Harnessing Big Heterogeneous Data to Evaluate the Potential Impact of HIV Responses Among Key Populations in Sub-Saharan Africa: Protocol for the Boloka Data Repository Initiative

JMIR Res Protoc. 2025 Jan 22:14:e63583. doi: 10.2196/63583.

Abstract

Background: In South Africa, there is no centralized HIV surveillance system where key populations (KPs) data, including gay men and other men who have sex with men, female sex workers, transgender persons, people who use drugs, and incarcerated persons, are stored in South Africa despite being on higher risk of HIV acquisition and transmission than the general population. Data on KPs are being collected on a smaller scale by numerous stakeholders and managed in silos. There exists an opportunity to harness a variety of data, such as empirical, contextual, observational, and programmatic data, for evaluating the potential impact of HIV responses among KPs in South Africa.

Objective: This study aimed to leverage and harness big heterogeneous data on HIV among KPs and harmonize and analyze it to inform a targeted HIV response for greater impact in Sub-Saharan Africa.

Methods: The Boloka data repository initiative has 5 stages. There will be engagement of a wide range of stakeholders to facilitate the acquisition of data (stage 1). Through these engagements, different data types will be collated (stage 2). The data will be filtered and screened to enable high-quality analyses (stage 3). The collated data will be stored in the Boloka data repository (stage 4).

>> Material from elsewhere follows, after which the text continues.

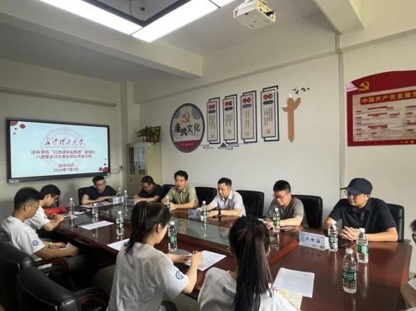 7月8日下午,建筑学院金盆岭校区16号教学楼305室隆重举行“红色建筑实践团”研究生暑期实践出征仪式。该实践团将赴八路军武汉办事处旧址纪念馆开展调研实践。建筑学院党委书记熊鹰、副书记肖义慧,项目指导老师田长青、吴世海、贺鹏,学工办王宇霖老师及全体实践团成员出席仪式。
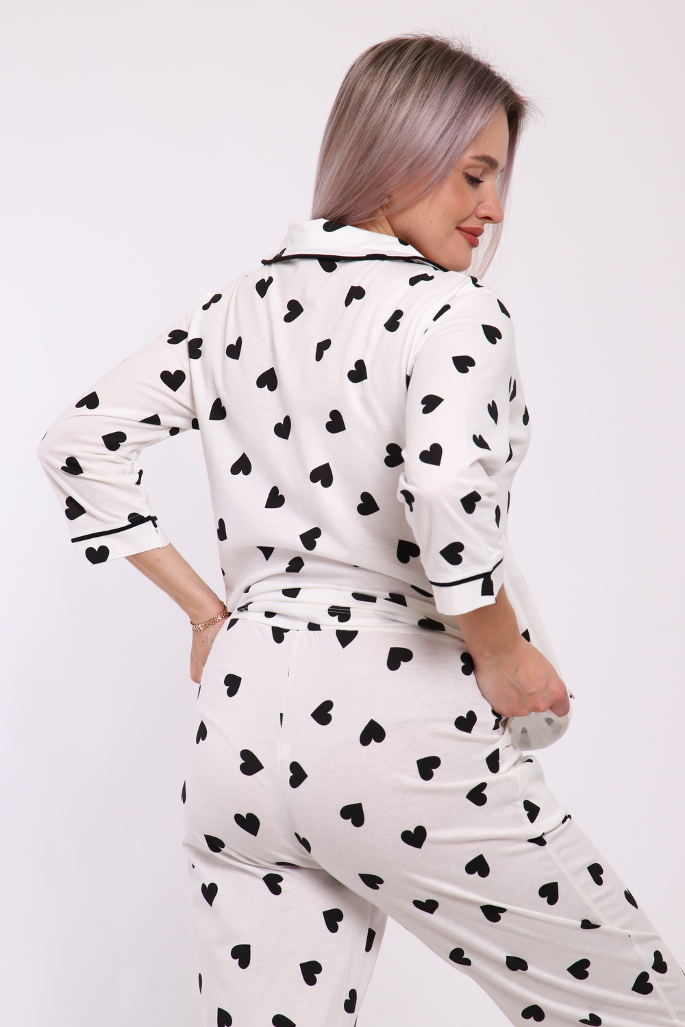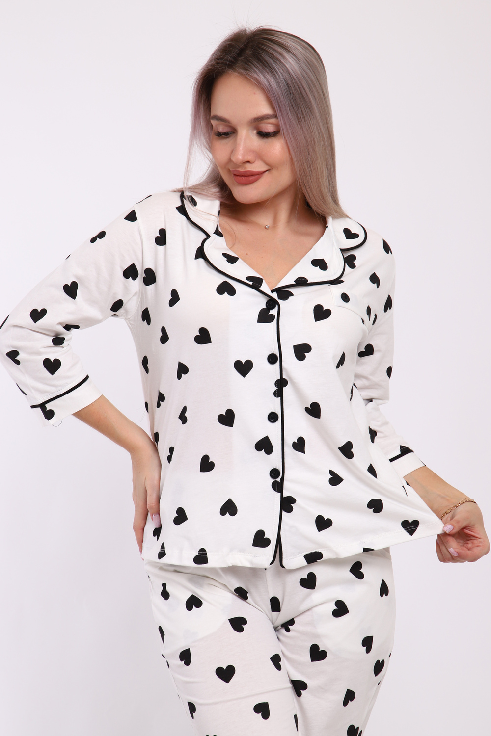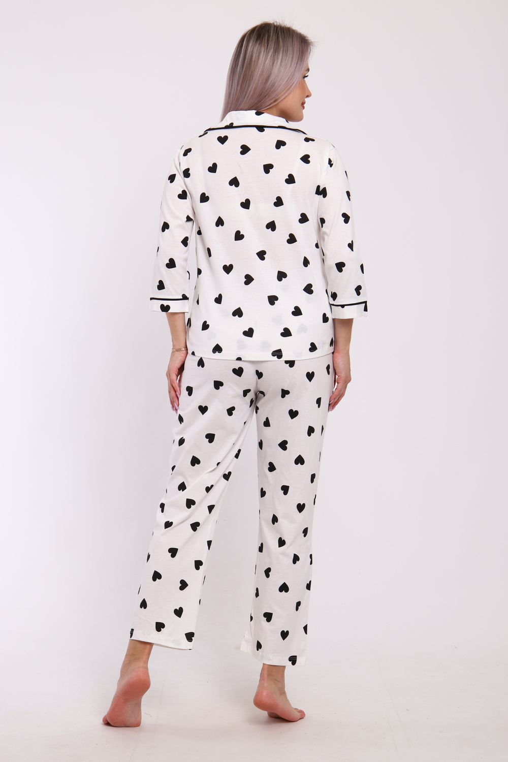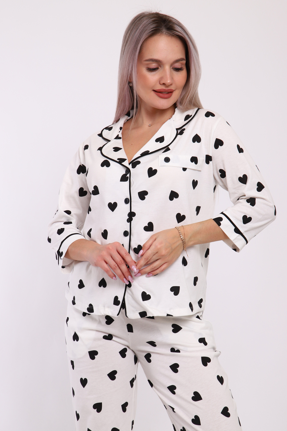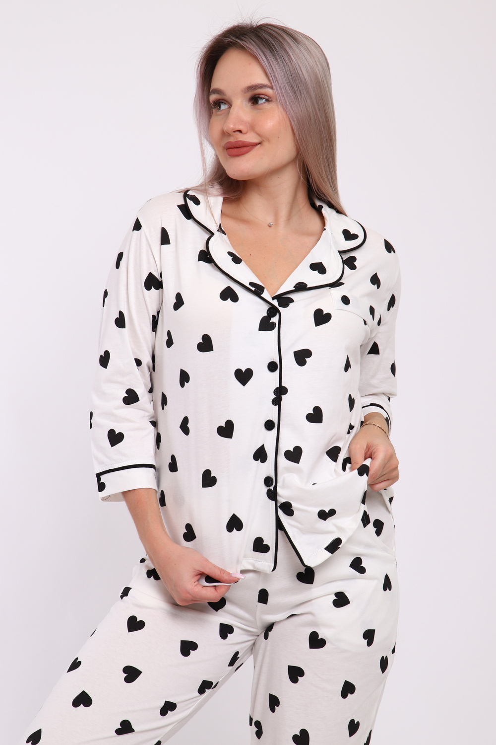 Пижама женская с брюками. Рубашка прямого, свободного кроя на пуговицах с имитацией кармана на груди. Воротник фигурный. Кроя полочки, рукав и воротник обработан внутренней окантовкой. Брюки с карманами, длина по щиколотку.

The Boloka data repository will be made accessible to stakeholders and authorized users (stage 5).

Results: The protocol was funded by the South African Medical Research Council following external peer reviews (December 2022). The study received initial ethics approval (May 2022), renewal (June 2023), and amendment (July 2024) from the University of Johannesburg (UJ) Research Ethics Committee. The research team has been recruited, onboarded, and received non-web-based internet ethics training (January 2023). A list of current and potential data partners has been compiled (January 2023 to date). Data sharing or user agreements have been signed with several data partners (August 2023 to date). Survey and routine data have been and are being secured (January 5, 2023). In (September 2024) we received Ghana Men Study data. The data transfer agreement between the Pan African Centre for Epidemics Research and the Perinatal HIV Research Unit was finalized (October 2024), and we are anticipating receiving data by (December 2024). In total, 7 abstracts are underway, with 1 abstract completed the analysis and expected to submit the full article to the peer-reviewed journal in early January 2024. As of March 2025, we expect to submit the remaining 6 full articles.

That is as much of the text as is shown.